Побывал я в театре. Прошел через актерский вход. Тут же на лестнице встретил Малюгина, который сказал, что только теперь, увидев меня, он понимает, что такое блокада. Но ему это казалось. Он не понимал, и это была не его вина. Обедали мы в столовой театра, и артист Карнович – Валуа спросил: «Теперь небось жалеете, что уехали из Ленинграда?» Ну как я мог объяснить ему, что между Кировом и Ленинградом была такая же непроходимая черта, как между жизнью и смертью. Они все начали понимать это недели через две. Малюгин отвел меня в кабинет к Руднику. Он был тогда и худруком и директором театра. Молодой, высокий, с таким выражением лица, что он, пожалуйста, не прочь в драку, меня тем не менее принял милостиво…
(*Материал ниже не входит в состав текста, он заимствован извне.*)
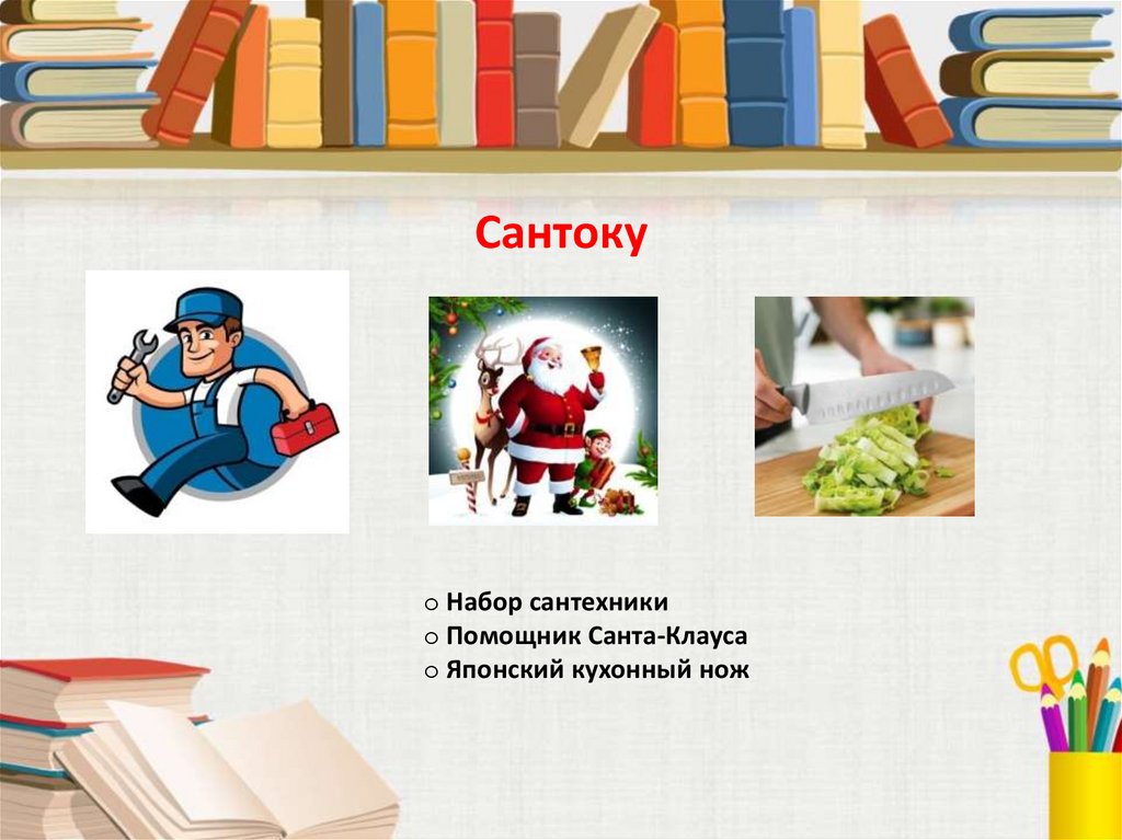 «Сантоку» буквально переводится как «три хороших вещи» или «три

В первый же день, впрочем, я мог бы догадаться, что дело плохо. Катя попросила таз у матери одной актрисы. Вымыть посуду. А та отказала. Правда, через несколько минут прибежала сама актриса, принесла таз и долго объясняла, что мама тут совсем испортилась под влиянием среды. Но среда, следовательно, существовала! Народ стал прижимист и еще гордился этим! То, что увидел я, приехав, – как бородатый мужчина уходит боком на манер краба, услышав просьбу о помощи, – было символом. Большой драматический театр, короче говоря – Рудник, выдал мне постоянный пропуск. В графе «должность» стояло: «драматург». В театре получил я карточки. Отоваривались одни, хлебные, здесь же, в театре, продуктовые шли на обед. Мы получили пропуск в столовую ученых – писатели были прикреплены туда. Мороз все не отпускал. По городу, где белый цвет неба Вятки, высочайших деревьев, сугробов, а главное, бесконечных столбов дыма соединялся во что‑то прекрасное, но враждебное и незнакомое, шли мы по скрипящему снегу в полуподвал столовой. Тут в первый день очень поразило нас одно явление, невозможное в блокадном Ленинграде, – кто‑то забыл на столе недоеденный довольно большой кусок хлеба. И никто не брал его. Комнату мы все искали. Но вот Рудник вызвал меня и сказал, что в теадоме освобождается комната, которую он отдает нам. Второй раз спасало меня могучее междуведомственное учреждение – театр. Комната освобождалась из худших, в первом этаже, прямо против входной двери – сильно дуло. Низ окна оброс таким толстым слоем льда, что отколоть его, не повредив стекло, возможности не было. Да и не следовало. Лед естественным, арктическим путем законопатил все щели, так что в окно не дуло. Получили мы комнату 31 декабря 1941 года. И переехали из суеверия сразу, чтобы под Новый год ночевать уже у себя. Мебели не было. Ни стульев, ни стола, ни постели. Один платяной шкаф. Новый год встретили с Наташей у Гани и Альтуса. Присутствовали Ганина подруга, сошедшая примерно через полгода с ума – это с ней случалось периодически, и муж ее, инженер, – маленький, удаленький, деловой. Холодова обижалась и кричала, и я рад был, когда оказались мы у себя.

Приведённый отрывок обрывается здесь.